To overcome the pressure on the winder block due to the buildup
of large coils of thin strip, Nisshin selected the collapsible mandrel design.
This mandrel differs from conventional designs in that the drum in its expanded
position is filled with solid heat-treated alloy steel as the strip is being
coiled.
Because the mill was designed for continuous operation, a
hydraulically operated horizontal-type two-strand belt wrapper initiates
coiling.
A single coil transfer car similar in design to those at the
entry side payoffs moves the completed coils from the mandrel to the coil
conveyor.
The chain-type coil conveyor is equipped with coil supporting
saddles and has an overall length of approximately 52 feet.
Two soluble-oil roll coolant and backing-bearing spray systems
were installed: one services the entry 2-high mill along with the first and
second Sendzimir stands; the other services the third and fourth Sendzimir
stands. The no. 1 system has a 50,000-gal receiving tank and 41,000-gal clean
tank; system no. 2 has capacities of 40,000 and 33,000 gal, respectively.
Filtration of the oil is by flat bed filters with system capacities of 23,000
and 29,000 gpm for systems no. 1 and 2, respectively. In total, the entire
system consists of two receiving tanks, two clean tanks, six filtering pumps,
six spray pumps, six bearing pumps and two flat-bed filters.
Lubrication of the backup bearings in the Sendzimir stands is
supplied by three oil mist lubrication units servicing each stand.
When the first wide Sendzimir mill went into operation in 1955,
the idea of putting ZR stands in tandem became apparent. Two accomplishments
made it possible to realize the idea: suitable welding of the ends of each strip
and the adoption of accumulators, and improvement of the electrical controls.

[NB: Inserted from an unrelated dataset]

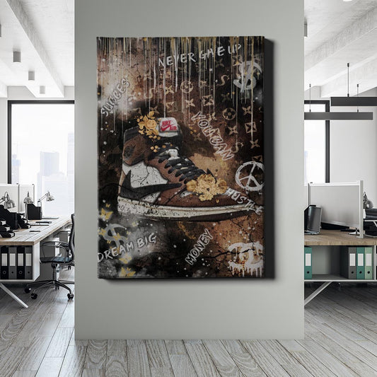 Normaler Preis Von 69,90 €Normaler PreisStückpreis / proVerkaufspreis Von 69,90 €Ein ikonischer Sneaker, veredelt mit goldenen Akzenten und luxuriösen Details. Die Kombination aus Nike Air Jordan, Louis Vuitton und Chanel erschafft ein Kunstwerk, das Streetwear mit High-Fashion vereint. Umgeben von inspirierenden Botschaften wie "Never Give Up" und "Dream Big", symbolisiert dieses Bild den unermüdlichen Hustle auf dem Weg zum Erfolg.

In order to use small work rolls most effectively, especially
on materials that are difficult to roll, great tension is required. Under normal
circumstances, the tension provided by a tension reel is limited by the strength
of the reel. Greater tension can be obtained by using entry and exit 2-high
mills. Moreover, by installing a 2-high mill at the entry side, it is not
necessary to use pressure pads for back tension. This not only improves the
surface condition of the strip but eliminates time lost during the exchange of
pressure boards linings.
The second advantage is the improvement of production capacity,
which can be shown by comparing the installation cost of a reversing mill with
that of a 4-stand tandem. If one assumes that the installation cost of a
reversing mill is 1, then for a 4-stand tandem it is 2.4. However, the
production capacity of a 4-stand tandem mill is four times greater, i.e., the
production ratio is 4:1. Combining these ratios provides an increase in
production capacity, as compared with the initial cost of the equipment, of
1.67:1. The tandem mill needs only one winder for several mill stands, while a
reversing mill needs two sets of winders and motors for each stand.
Labor saving costs are also important. Instead of using three
full-time workers, which is required for a single reversing mill, the 4-stand
tandem requires seven full-time workers per shift. Considering the auxiliary
equipment, such as roll grinding, etc., the resulting actual labor productivity
will be 2:1.
The most remarkable merit of the continuous mill is its
production capacity. In order to take advantage of this high capacity, it is
very important that as many as possible mill stops be eliminated. In this way,
the change in gauge produced by the mill will be reduced. Second, single coils
of 50 tons or more, without welds, would be desirable.